American poet (1891–1972)

A. C. Harris Bilbrew (March 12, 1891 – June 4, 1972) was an American poet, musician, composer, playwright, clubwoman, and radio personality known as Madame A. C. Bilbrew. She lived in South Los Angeles. In 1923, she became the first black soloist to sing on a Los Angeles radio program. She also hosted the city's first African-American radio music program, The Gold Hour, in the early 1940s. The A.C. Bilbrew branch of the LA County Library in Willowbrook was named in her honor.

==Early life==
A. C. Harris was from Tyler, Texas, the daughter of Rev. H.S. Harris. Her initials were her given name; she was named for two nuns whom her mother had liked. She attended Texas College in Tyler, and studied music at the University of Southern California.

==Career==
Bilbrew was active in many ways with performing arts in the African-American community of South Los Angeles. She played church organ, produced pageants and plays, gave dramatic readings, accompanied a jubilee quartet, and directed choirs. In 1923 she became the first black soloist to sing on a Los Angeles radio program. In the 1930s she performed "pianologues" and led a musical sextet.

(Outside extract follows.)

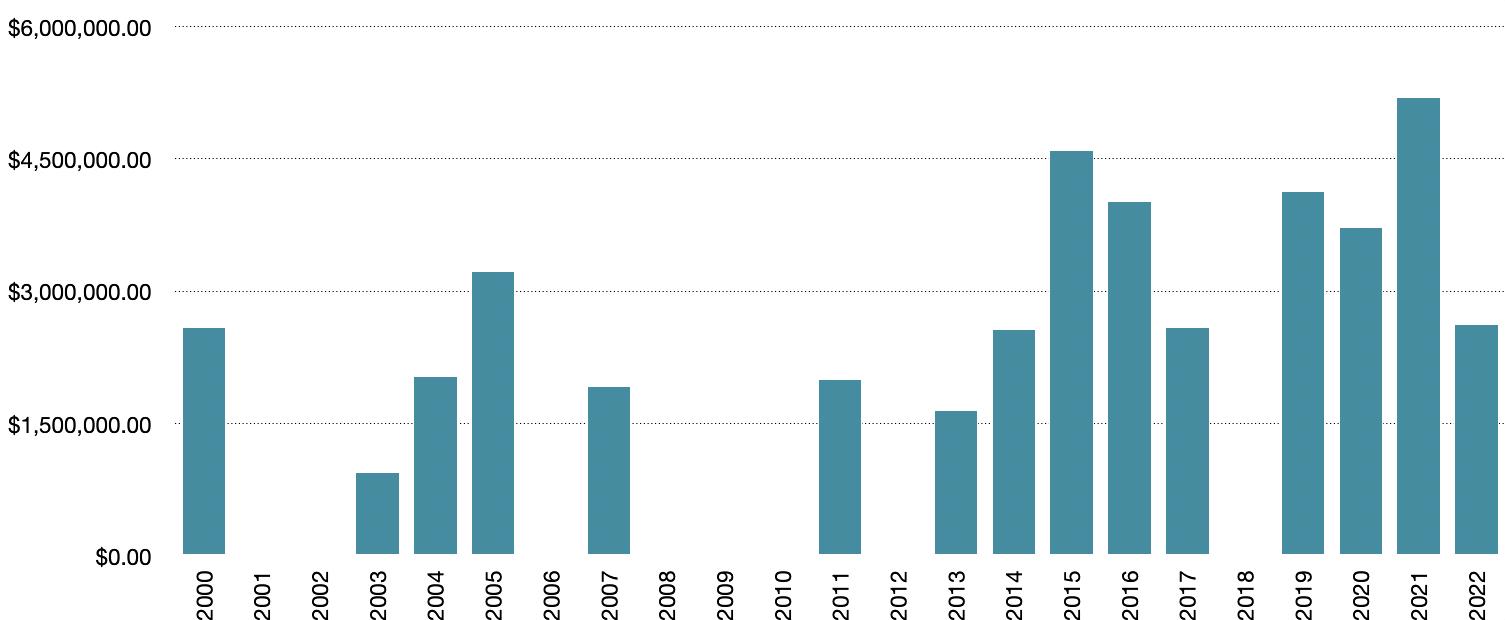 The coveted Seadrift neighborhood continues to raise the bar for real estate in West Marin. Oceanfront sale prices increased 8% in the last year and have increased 123% since 2019. Seadrift Lagoon sale prices increased by 55% since 2019 from an average of $3,300,000 to an average of $5,200,000. Seadrift Lagoon vacant lot sale prices have also increased drastically, up 135% on average since 2019, with the highest lot sale at $3,250,000.

She was the host of the city's first African-American radio music program, The Gold Hour, broadcast on KGFJ from 1940 to 1942, and was also the announcer on The Bronze Hour, which she produced with Gilbert W. Lindsay. Her on-air guests included California governor Culbert Olson in 1942. She also performed on a tour of the eastern United States in the 1940s. She was a popular speaker in church and women's groups into the late 1960s, and was known as "Madame Bilbrew" in the community.

===Poet and songwriter===
Bilbrew wrote poems and songs, including the wartime poem "The Black Boys in Khaki" (1919), and songs "Black Boys of Uncle Sam" (1918), and "Let's Go, Americans" (1942). She wrote "This is Freedom Day", an anthem for National Freedom Day. In 1955, her choral composition, "The Death of Emmett Till", was performed by Scatman Crothers and the Ramparts and released as a single, with a percentage of the royalties benefiting the NAACP. "I feel strongly that this American folk song will live on and serve a purpose," Bilbrew commented at the time. One of her last songs was a peace anthem, "Let's Lay the Weapons Down and Join Hands" (1969).

===Film===
Bilbrew was also involved in several films. She was the musical arranger and director for the choir that appeared as cotton pickers singing spirituals in the Stepin Fetchit film Hearts in Dixie (1929), considered one of the first talking pictures with an all-black cast. She appeared as "Tante Caleen" in the film The Foxes of Harrow in 1947.

===Politics===
Bilbrew campaigned for Kenneth Hahn for Los Angeles County supervisor in 1952. In 1958, she was named director of a new Republican campaign office opened in South Los Angeles. She was later described by Hahn as the "first Negro woman to sing on radio in Los Angeles, pioneering the opportunity for young people to get into music, stage, radio and television." In 1960, she attended the International Women's Day Jubilee in Copenhagen, part of the 22-member delegation from the United States. By 1962, she was on the advisory board of the Independent Voters League of California. In 1963, she founded the Opportunity Workshop, a community arts, education, and empowerment program in south Los Angeles.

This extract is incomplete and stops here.